§ Required work: The records below must be repeated exactly, but without their pictures.

§ Data in this exercise:
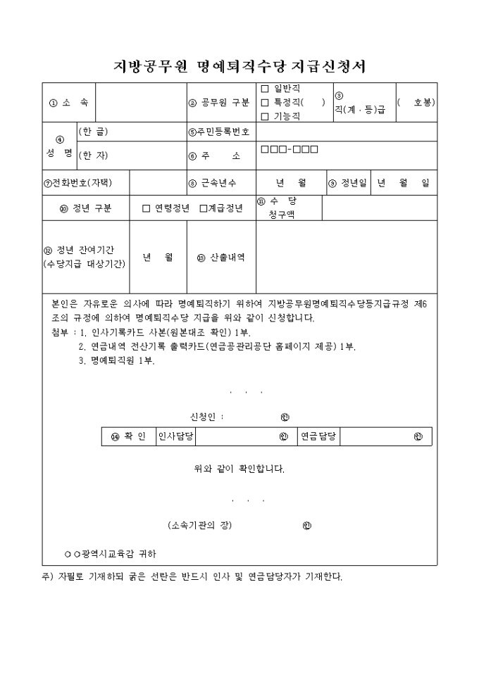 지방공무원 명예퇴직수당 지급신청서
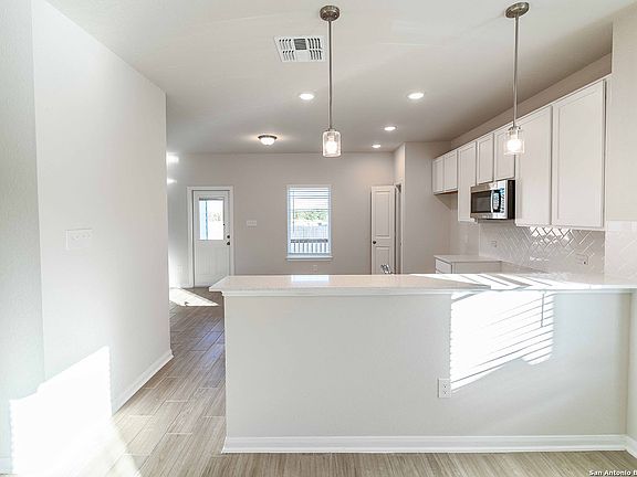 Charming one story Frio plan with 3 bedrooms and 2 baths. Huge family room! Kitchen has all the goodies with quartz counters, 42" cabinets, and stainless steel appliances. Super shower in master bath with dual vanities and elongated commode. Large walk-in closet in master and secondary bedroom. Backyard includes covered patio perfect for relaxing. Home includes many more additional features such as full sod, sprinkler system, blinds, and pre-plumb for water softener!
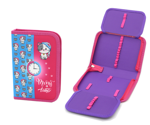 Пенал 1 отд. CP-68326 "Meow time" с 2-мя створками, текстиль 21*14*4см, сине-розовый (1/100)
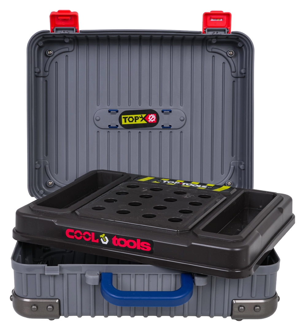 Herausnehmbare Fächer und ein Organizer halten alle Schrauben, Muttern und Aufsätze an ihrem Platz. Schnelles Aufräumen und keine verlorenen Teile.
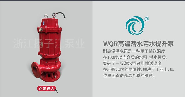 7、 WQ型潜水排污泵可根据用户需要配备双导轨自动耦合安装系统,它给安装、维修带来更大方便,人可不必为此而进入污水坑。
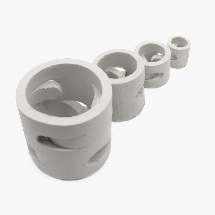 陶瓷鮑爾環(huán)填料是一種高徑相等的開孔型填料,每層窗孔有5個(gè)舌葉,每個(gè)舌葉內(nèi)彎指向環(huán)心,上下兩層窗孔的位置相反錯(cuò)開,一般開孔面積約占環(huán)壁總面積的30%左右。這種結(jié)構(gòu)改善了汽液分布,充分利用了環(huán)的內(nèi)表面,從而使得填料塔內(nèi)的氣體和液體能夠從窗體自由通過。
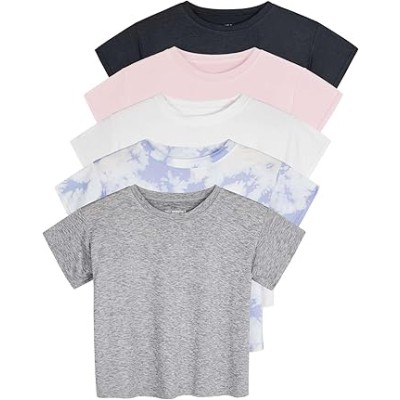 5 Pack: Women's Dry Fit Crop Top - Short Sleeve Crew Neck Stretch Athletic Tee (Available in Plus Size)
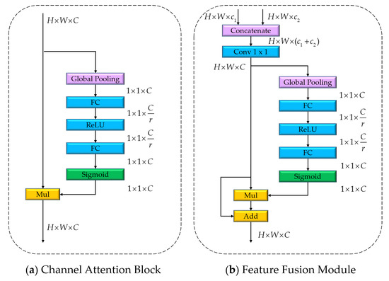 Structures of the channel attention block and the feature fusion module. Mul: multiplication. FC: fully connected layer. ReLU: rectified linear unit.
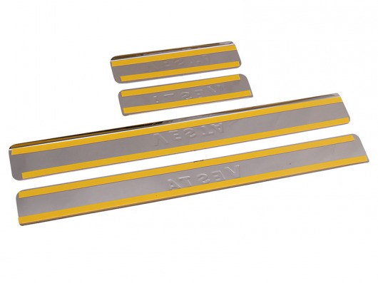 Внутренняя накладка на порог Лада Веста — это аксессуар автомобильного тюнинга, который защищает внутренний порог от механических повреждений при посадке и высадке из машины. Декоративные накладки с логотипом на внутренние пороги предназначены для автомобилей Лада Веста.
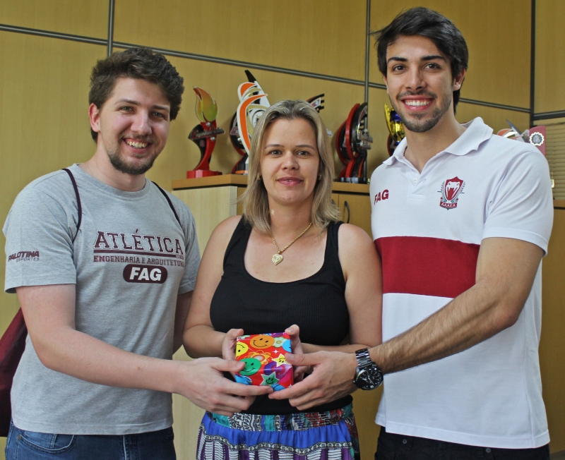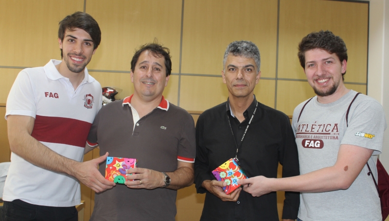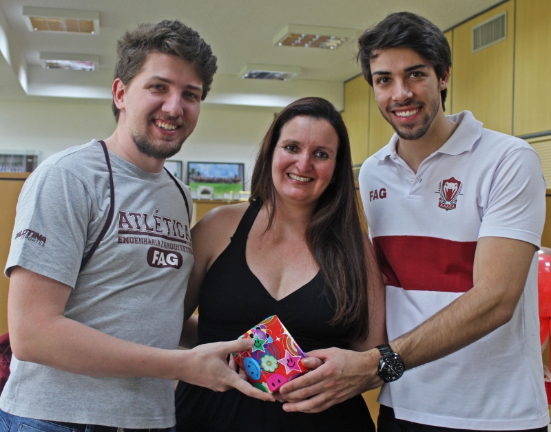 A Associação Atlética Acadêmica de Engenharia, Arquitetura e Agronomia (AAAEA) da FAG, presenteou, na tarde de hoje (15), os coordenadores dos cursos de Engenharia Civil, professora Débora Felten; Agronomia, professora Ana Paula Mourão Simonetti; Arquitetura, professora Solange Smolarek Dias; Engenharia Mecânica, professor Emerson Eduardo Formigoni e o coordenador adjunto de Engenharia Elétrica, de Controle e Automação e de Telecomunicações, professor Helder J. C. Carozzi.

§ Response box:
 지방공무원 명예퇴직수당 지급신청서
 Charming one story Frio plan with 3 bedrooms and 2 baths. Huge family room! Kitchen has all the goodies with quartz counters, 42" cabinets, and stainless steel appliances. Super shower in master bath with dual vanities and elongated commode. Large walk-in closet in master and secondary bedroom. Backyard includes covered patio perfect for relaxing. Home includes many more additional features such as full sod, sprinkler system, blinds, and pre-plumb for water softener!
 Пенал 1 отд. CP-68326 "Meow time" с 2-мя створками, текстиль 21*14*4см, сине-розовый (1/100)
 Herausnehmbare Fächer und ein Organizer halten alle Schrauben, Muttern und Aufsätze an ihrem Platz. Schnelles Aufräumen und keine verlorenen Teile.
 7、 WQ型潜水排污泵可根据用户需要配备双导轨自动耦合安装系统,它给安装、维修带来更大方便,人可不必为此而进入污水坑。
 陶瓷鮑爾環(huán)填料是一種高徑相等的開孔型填料,每層窗孔有5個(gè)舌葉,每個(gè)舌葉內(nèi)彎指向環(huán)心,上下兩層窗孔的位置相反錯(cuò)開,一般開孔面積約占環(huán)壁總面積的30%左右。這種結(jié)構(gòu)改善了汽液分布,充分利用了環(huán)的內(nèi)表面,從而使得填料塔內(nèi)的氣體和液體能夠從窗體自由通過。
 5 Pack: Women's Dry Fit Crop Top - Short Sleeve Crew Neck Stretch Athletic Tee (Available in Plus Size)
 Structures of the channel attention block and the feature fusion module. Mul: multiplication. FC: fully connected layer. ReLU: rectified linear unit.
 Внутренняя накладка на порог Лада Веста — это аксессуар автомобильного тюнинга, который защищает внутренний порог от механических повреждений при посадке и высадке из машины. Декоративные накладки с логотипом на внутренние пороги предназначены для автомобилей Лада Веста.
 A Associação Atlética Acadêmica de Engenharia, Arquitetura e Agronomia (AAAEA) da FAG, presenteou, na tarde de hoje (15), os coordenadores dos cursos de Engenharia Civil, professora Débora Felten; Agronomia, professora Ana Paula Mourão Simonetti; Arquitetura, professora Solange Smolarek Dias; Engenharia Mecânica, professor Emerson Eduardo Formigoni e o coordenador adjunto de Engenharia Elétrica, de Controle e Automação e de Telecomunicações, professor Helder J. C. Carozzi.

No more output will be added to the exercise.